Когда она говорила это, нечто тяжёлое и горячее заполняло мой рассудок. Словно он был пустым стеклянным стаканом, в который наливают густое, вязкое какао. Её слова жгли, и это жжение странным образом напоминало зуд заживающей раны: было больно, но эта боль освобождала. Я взял один наушник с её маленькой круглой ладони. В ухе послышалось лёгкое потрескивание: запись, которую она мне предлагала, наверняка была старой. Через несколько мгновений я услышал быстрые нежные переливы рояля, качающиеся где-то в середине клавиатуры. Затем эти переливы переросли во что-то грозное и гнетущее и упали в глубокую бездну контроктавы. Но нежная рука пианистки (а это определённо была пианистка. Для меня, во всяком случае, совершенно определённо) то и дело с самозабвением и жертвенностью вытаскивала торопливое и детское стремление к свету из гущи гулких пассажей и возносила куда-то вверх, туда, чему не было названия. Я почувствовал, как меня укачивает на этих с беспощадной скоростью сменяющих друг друга волнах. В голове зашумело. Это была семнадцатая соната Бетховена, её третья часть. Любимая соната ушедшей от меня женщины. Под эту музыку она паковала свои вещи. У меня заболел затылок. Я вдруг ясно увидел дрожащие руки, собирающие косметику с зеркала в ванной, увидел, как упал флакон  дорогих духов, аромат которых я до сих пор ненавижу, потому что его воспоминание по сей день сочится из проёмов и трещинок кафельного пола. Я снова ощутил лёгкий сквозняк у незакрытой двери и шум спускающегося лифта, услышал, как за окном развернулось такси, услышал, как за поворотом затихает мягкое похрустывание шин.  Мне захотелось закончить эту музыкальную пытку, но желание осталось где-то снаружи и моё существо не приняло его, как что-то глупое, несолидное. Если выпал случай помучиться совестью, то уж на полную катушку. Музыка продолжала расстреливать мою душу, выворачивать наизнанку, парализовать волю. Она не оставляла места для простого человеческого наслаждения, что и должна нести в первую очередь. Она награждала только болью. Нежные руки пианистки то мягко поглаживая, то грубо вторгаясь, убивали во мне мужчину: я захлёбывался слезами, пытаясь спрятать своё раскисшее лицо в ладонь.
Откуда в наушниках светящейся женщины взялась именно эта музыка? Зачем она протянула мне на своей маленькой круглой ладони  семнадцатую сонату Бетховена? Что ей нужно было на этом вокзале, у этого окна? Я повернул голову в её сторону и не увидел ничего, кроме свечения под короткой чёлкой. Она погладила мой локоть.

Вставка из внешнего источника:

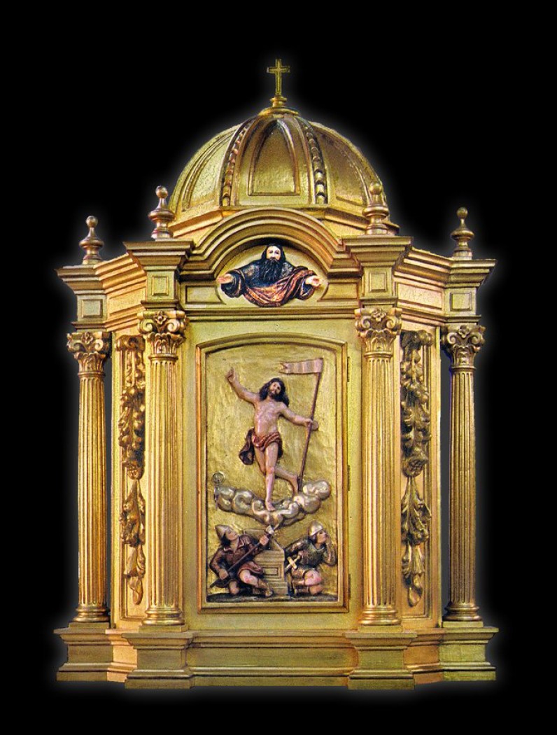 Tabernacle en bois réalisé à la main par un artisan espagnol. Doré et sculpté sur bois avec un Christ ressuscité sur la porte. Des colonnes et des moulures ornent le tabernacle.

- Дослушайте до конца. Потом будет легче, я вам обещаю. - Она проговорила это шёпотом, её голос был похож на песок, заструившийся с бархана под лёгким порывом неизвестно откуда взявшегося ветра. Но этот шёпот, этот песок колыхнулся в моей голове от виска к виску, как огромный колокол. «Будет легче». И я решил зарыться в той боли, что предлагала мне музыка, как в проволочной сети, чтобы вытравить её до конца. Видимо этого ждала от меня светящаяся женщина, этого требовал Бетховен.
Я впервые услышал в себе движения души моей ушедшей подруги. Я не хотел этого вовсе, но так случилось. Как, впрочем, всё, что со мной случалось сегодня: вне моего желания, против моей воли. Я знал, что она мудрая, спокойная, уравновешенная. Я видел, как она демонстрирует мне это каждый день. Но сейчас я ощутил в своём сознании, как заливалось бессильными слезами всё её существо, я почувствовал глухие толчки от беззвучных рыданий по ночам, чтобы не разбудить меня. Она знала, что я не умру ради неё, что если придёт подходящий момент, я без вопросов её отпущу, не испытав ни  малейшего желания побороться. И только сейчас я понял, что её уход был спровоцирован ею самой, чтобы проверить мою готовность биться за неё со всеми обстоятельствами этого мира. Она и не собиралась уходить, она ждала, когда я её остановлю. А я не остановил. И ей стало всё понятно. И что же теперь? Теперь уже ничего. Она узнала обо мне правду. Но главное, я узнал правду о себе. До этого самого дня я был уверен в своей непогрешимости и не допускал даже мысли, что причины разрыва были во мне, а не в ней. Семнадцатая соната Бетховена каким-то непостижимым образом всё расставила по своим местам. Я вспомнил свои первые ощущения после того, как за ней закрылась дверь. Они были странными, я бы даже сказал, неожиданными. Пока она была со мной, мне казалось, что я любил её до умопомрачения. Нет, боли это мне не доставляло: всё это выходило на внешний уровень тревоги. Теперь я осознал это совершенно ясно. Мне казалось, что во время её отсутствия невозможно было дышать, хотя дышал я вполне размеренно и неторопливо; я жестоко переживал ночные кошмары, которые преследовали меня, если она не оставалась со мной до утра, хотя это случалось потому, что, когда её не было рядом, я наедался перед сном, как бизон. Она первой поняла  всю поверхностность моей «безумной любви». Она оказалась мудрее и лучше меня. И всё же на первых порах её отсутствие меня угнетало. Но и это я смог сейчас объяснить: просто сломался размеренный образ жизни. Новый её образ пока не складывался в моей голове.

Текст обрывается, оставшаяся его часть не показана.